I am running a data pipeline in bash (Debian GNU/Linux 10 [buster]) that runs 19 R cleaning scripts on 19 separate raw data sets, then merges these into a large dataset of 89 variables and roughly 300 million observations. I use data.table in the last (merge) script when I can:
d_full <- d_merging[d_full, on = c("id", "date")]
but occasionally I need a full join and the base R solution is a bit more direct and allows me to avoid creating unique keys as suggested here
d_full <- merge(d_full, d_merging, by = c("id", "date"), all = TRUE)
which should call the data.table method, anyway. I run garbage collection gc()
after each merge.
The code runs without issue except for cannot allocate vector of x GB
error messages that I get earlier and earlier as the data grows. These are fixed by increasing my memory size; however, I am now using a pretty large computer (Google virtual machine type n2-highmem-128 with 128 vCPU and 864 GB memory). Even though it works, I would like to avoid being dependent on such a large memory size, especially since the data will just keep growing.
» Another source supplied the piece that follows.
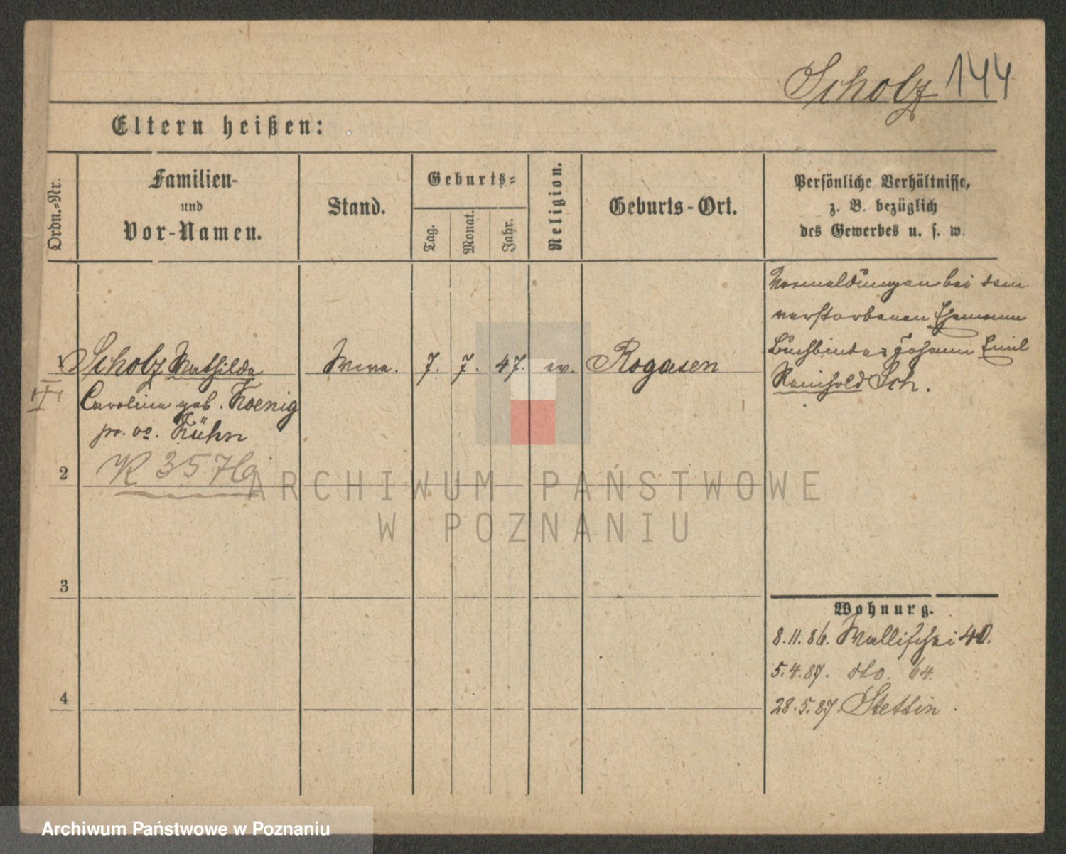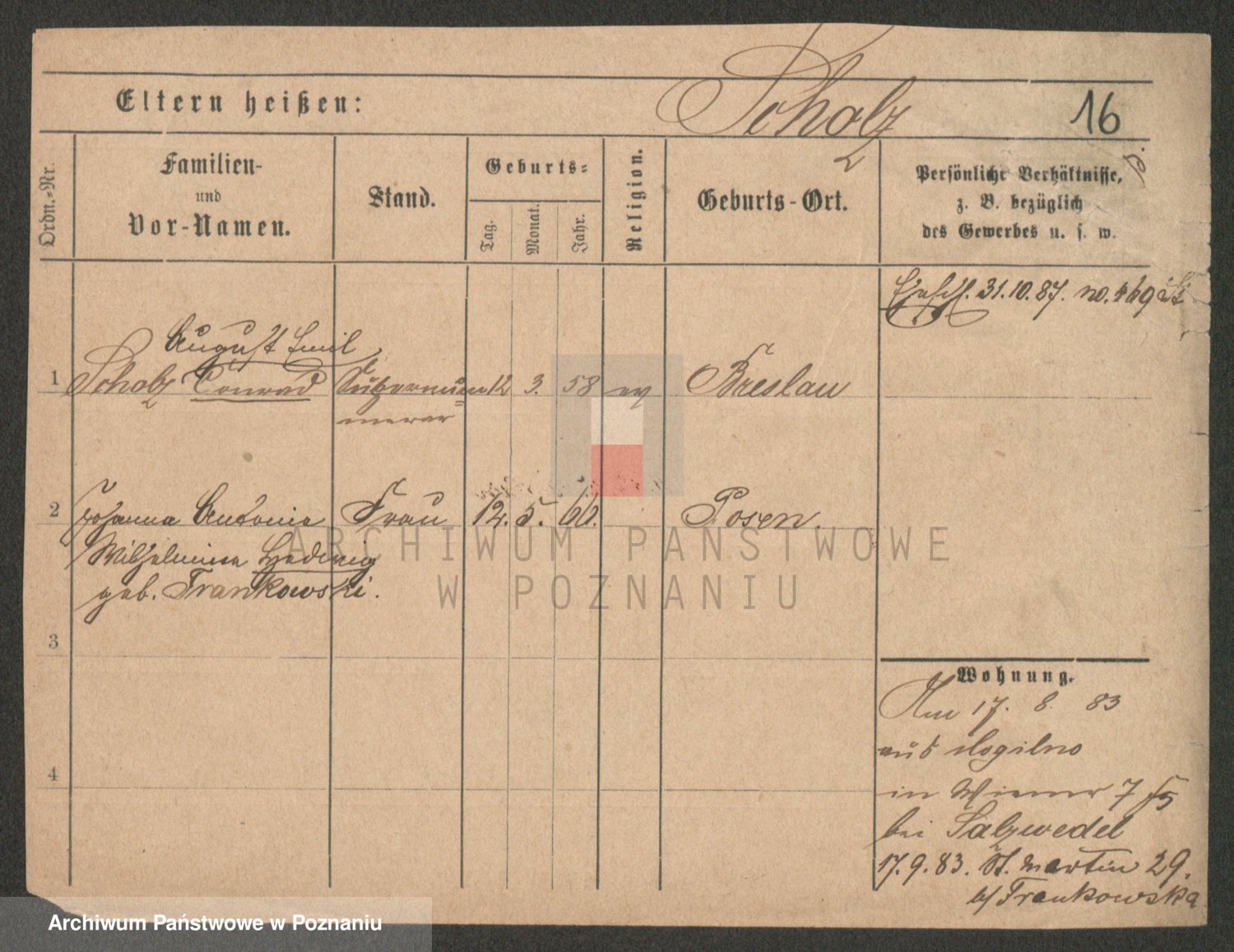 Scholz z d. Frankowski, Johanna Antonie Wilhelmine Hedwig

Is there a more memory-efficient method in R that I am not aware of? Would creating a unique key for each dataset so I can use the data.table native joining method really make much of a difference? Or, would I be better off executing this step in another language, possibly SQL or bash? I am very new to bash, but happy to learn more if it would be worthwhile.
Note: This particular data flow and resulting dataset were established by my predecessors. I can make a case to change it/pare it down, but before I do, I wanted to see if I could find a better solution with the pipeline as-is.